[development] Why do we avoid auto-incrementing db columns?

Wed Apr 25 17:27:40 UTC 2007

Mark,

Good points. However, I think there are 2 types of Drupal users: Enterprise,
and non-enterprise. (read: large/small).

Meaning, not everyone has a company large-enough where they can have the
dedicated DB staff to maintain, create, and update the sp's, triggers, etc.

However, on the flip side, companies that do have this type of setup and
resources balk at Drupal because they can't leverage their DB staff to truly
separate the db from the app-layer.

It's a catch 22 either way you think of it. By and large though, most Drupal
installs do not have the dedicated DB staff to truly separate the layers;
and I do mean dedicated. Maintaining and optimizing triggers, sp's, etc. in
a production environment is a full time job and not really something to be
looked at as a 'hobby'. 

The other flip side to stored procs, is PHP's arch. And what sp's were made
for. Each request is it's own thread. (this is knowledge from SQL Server,
I'll have to read about MySQL's sp implementation to see if it's the same).
But, depending on the DB, the sp is compiled upon first use with each
connection. If the same connection calls the sp again, the cached query plan
is used. However, if the query plan is dynamic (e.g. WHERE clause changes
each time), performance actually goes down greatly. If the WITH RECOMPILE
option is used (meaning re-do the query plan with each execution),
performance only goes down slightly.
More over, sp's are made for 2 things:

1. Reduce network traffic.
2. Place the processing on the database server and not the app.

So, let's look at sp's; they send a small RPC call to the DB, and the db
sends back the results.
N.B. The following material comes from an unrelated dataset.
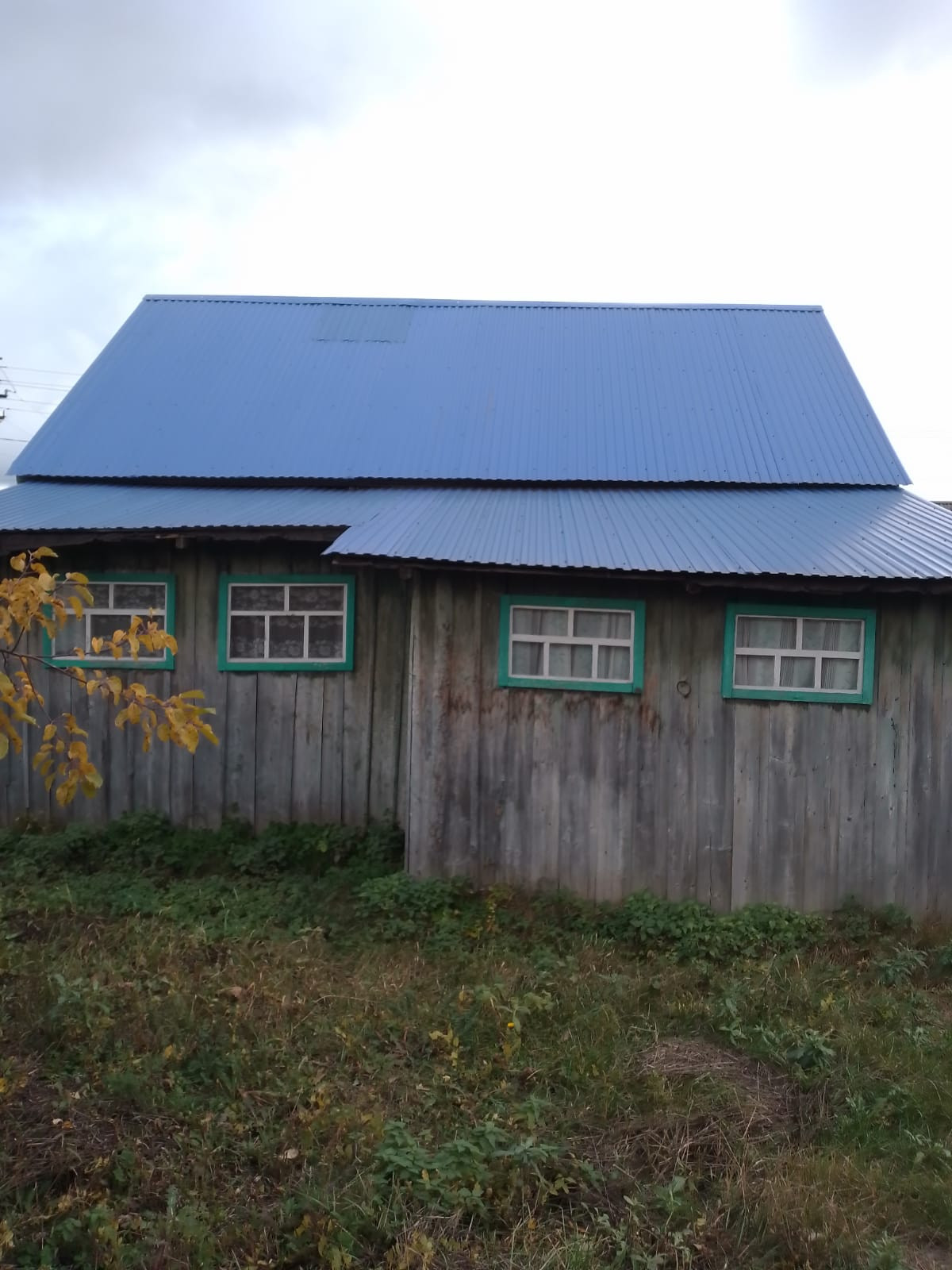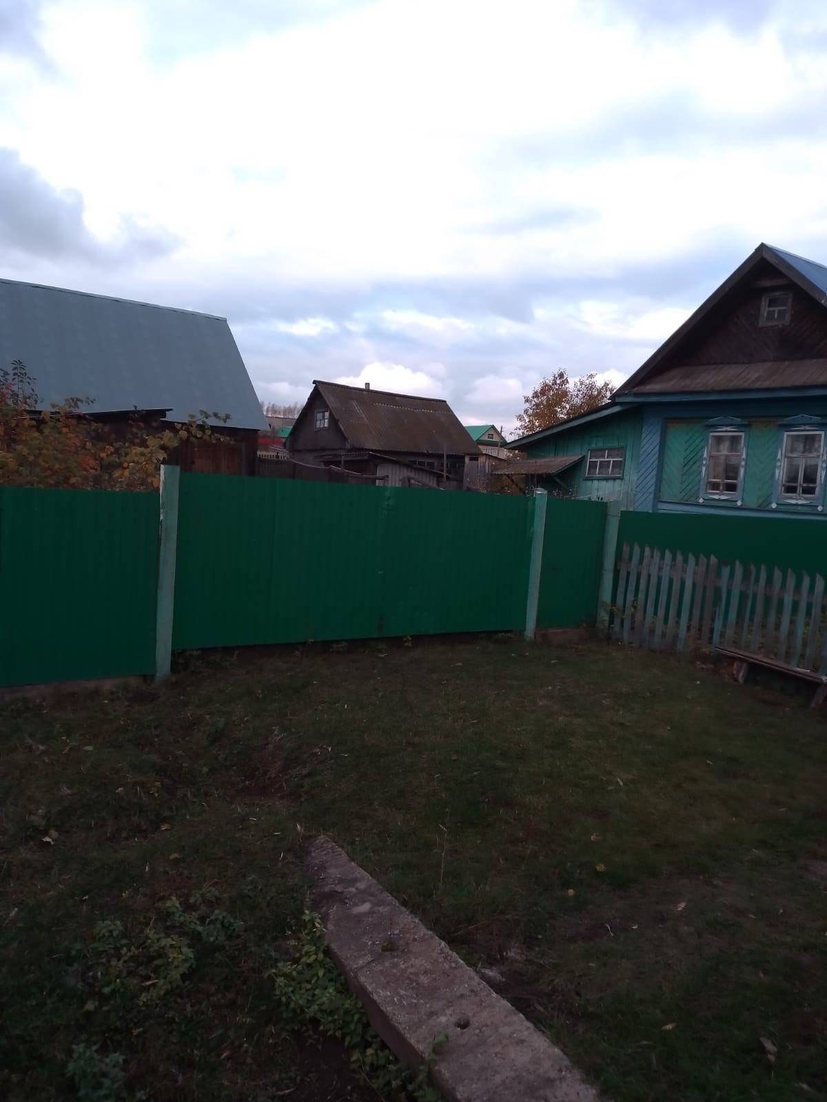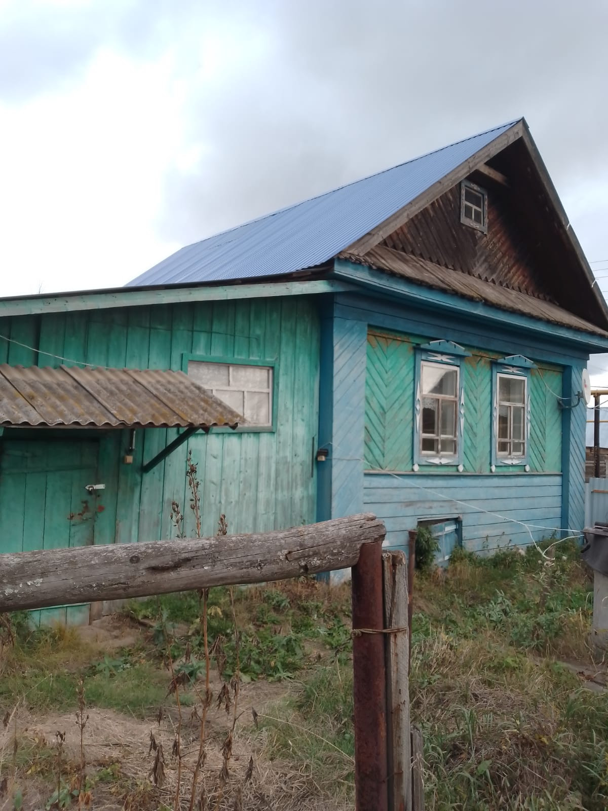 Дом обшит досками, кровля профнастил, забор и ворота из прфлиста, рама окон деревянные.

Where currently we send SQL statements to the DB,
and get back results. The catch is though, that Drupal sends relatively
small statements, and statements that are not really processor intensive,
compared to say a manager's analytical application that sends a 40 line SQL
statement that goes across 3 databases and takes about 15 seconds to
process.
I guess what I'm saying is that I don't think sp's would give Drupal much of
a performance boost. However, this is a null point because I have no
benchmarks to back this up.

Regarding ref. integrity, I probably generalized and mis-spoke; when I said
it, I meant the ID generation, meaning module x can generate an id for table
y and work with it before actual insertion...hmm....which upon thinking
about it should all be handled in node_save function either way. However, I
have many modules that do not create a node, thus creating a node and doing
a node_save wouldn't give me an nid, if say I needed the eid (an arbitrary
id I made up) because the item is not a node/content-type.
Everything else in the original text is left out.